*PROBLEM DESCRIPTION:*
Each line from the one that holds "Żeby dostać się" to the end of the entries is to be given again exactly. Do not include pictures.

Items from a data source:

===

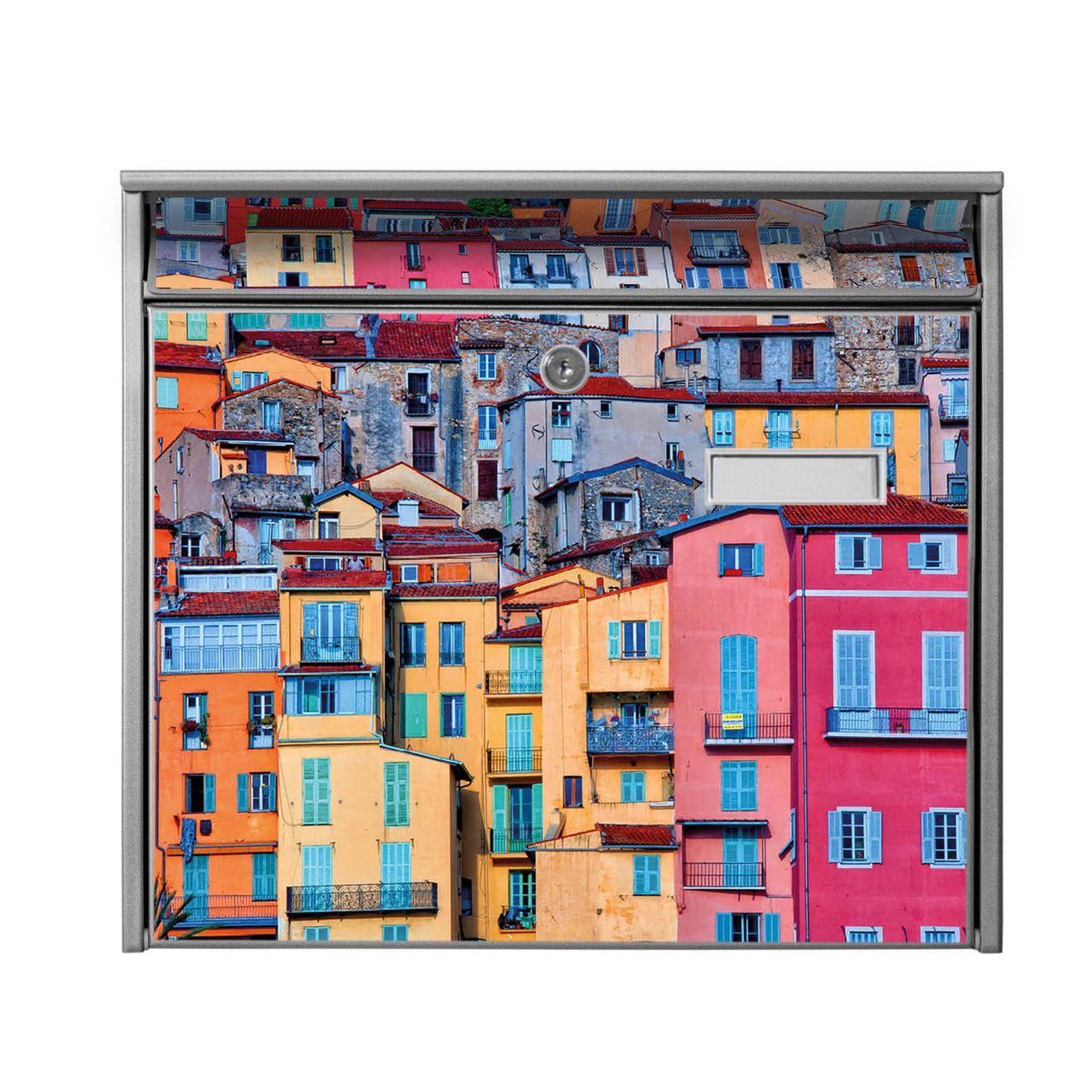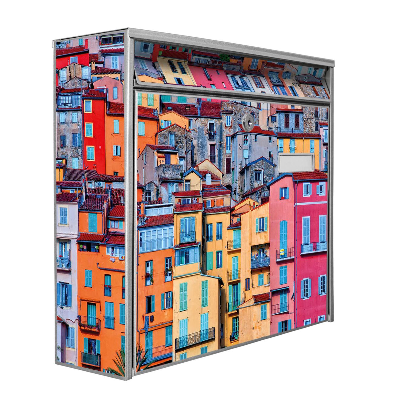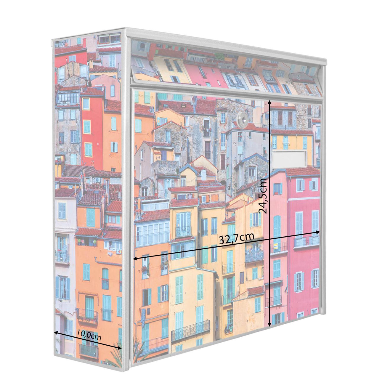 Der Postkasten mit Motiv Häuserberg hat ein sehr ansprechendes und zeitloses Design. Heben Sie Sich von der tristen grauen Masse ab, ohne auf Funktionalität zu verzichten. Die weite Öffnung ohne scharfe Kanten ermöglicht eine einfache Handhabung beim Entnehmen der Post. Die Größe bietet genügend Platz für Sendungen aller Art, der Einwurf fasst auch größere A4 Sendungen. Ihr Burg-Wächter Motivbriefkasten wird in Sachsen in einer kleinen Manufaktur von Hand veredelt. Die Motivfolie ist lösungsmittelfrei und schutzlaminiert, dies sorgt für einen langen Halt. Wir legen großen Wert auf die Verbindung von Funktionalität und Design.
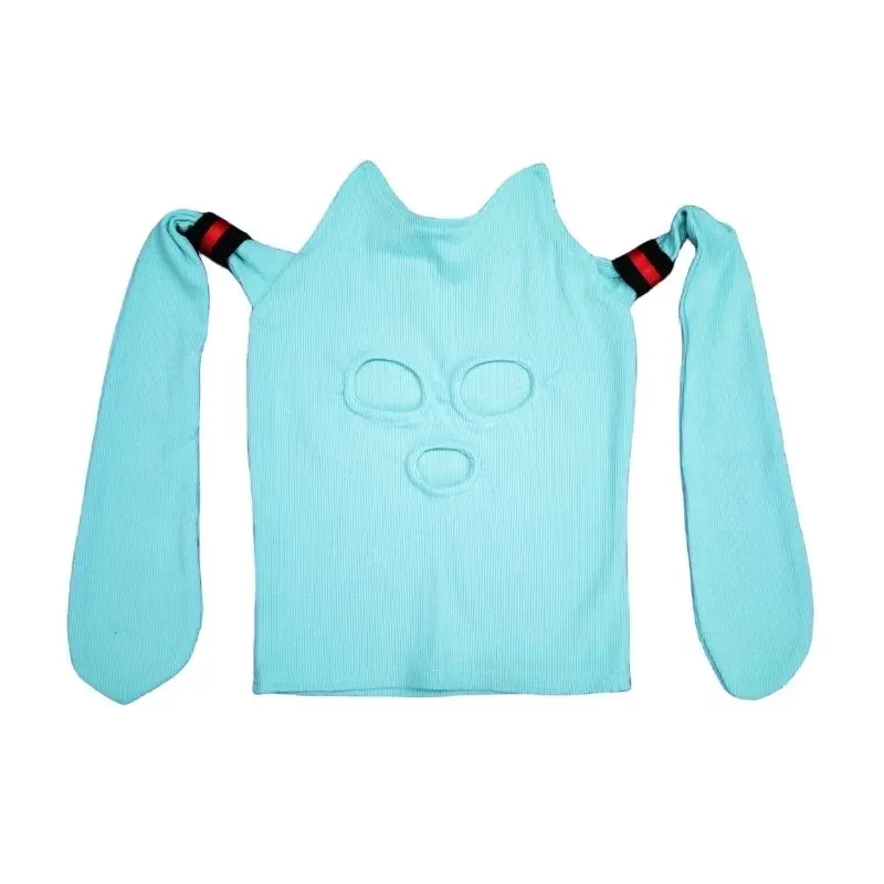 Cartoon Hatsune Miku Kawaii Cat Ear Weaving Mask Headgear Cute Anime Game Cosplay Funny Hat Costume Face Helmet Props Gift
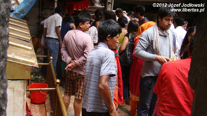 Żeby dostać się przed oblicze Kali i złożyć jej swoje dary trzeba ustawić się w długiej kolejce pielgrzymów. Część z nich w świętych strumykach skrapia przyniesione owoce, kwiaty i obmywa zwierzęta – przed ofiarowaniem ich Kali muszą być czyste.
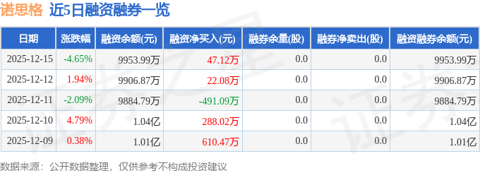诺思格融资融券信息显示,融资方面,当日融资买入1714.86万元,融资偿还1667.75万元,融资净买入47.12万元。融券方面,融券卖出0.0股,融券偿还0.0股,融券余量0.0股,融券余额0.0万元。融资融券余额9953.99万元。
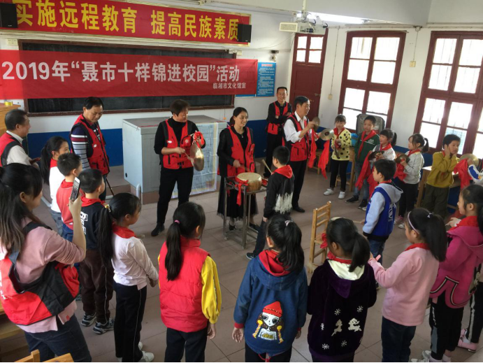 (通讯员 刘 莹 骆林华)为使中小学生深刻感受优秀传统文化魅力,搞好非遗传承。10月31日,临湘市文化馆联合“聂市十样锦”俱乐部在聂市中心小学开展非遗项目——“聂市十样锦”进校园活动,受到该校师生欢迎。传承人方国良、何九牛等几位老师走进镇小的课堂,为学生们介绍十样锦演奏时使用的乐器,演示了技艺精湛的绝活,耐心地解答了学生们提出的问题,与孩子们互动交流,并指导学生们进行动手体验,现场气氛十分活跃。

===

*RESULT FOR THIS EXERCISE:*
 Żeby dostać się przed oblicze Kali i złożyć jej swoje dary trzeba ustawić się w długiej kolejce pielgrzymów. Część z nich w świętych strumykach skrapia przyniesione owoce, kwiaty i obmywa zwierzęta – przed ofiarowaniem ich Kali muszą być czyste.
诺思格融资融券信息显示,融资方面,当日融资买入1714.86万元,融资偿还1667.75万元,融资净买入47.12万元。融券方面,融券卖出0.0股,融券偿还0.0股,融券余量0.0股,融券余额0.0万元。融资融券余额9953.99万元。
 (通讯员 刘 莹 骆林华)为使中小学生深刻感受优秀传统文化魅力,搞好非遗传承。10月31日,临湘市文化馆联合“聂市十样锦”俱乐部在聂市中心小学开展非遗项目——“聂市十样锦”进校园活动,受到该校师生欢迎。传承人方国良、何九牛等几位老师走进镇小的课堂,为学生们介绍十样锦演奏时使用的乐器,演示了技艺精湛的绝活,耐心地解答了学生们提出的问题,与孩子们互动交流,并指导学生们进行动手体验,现场气氛十分活跃。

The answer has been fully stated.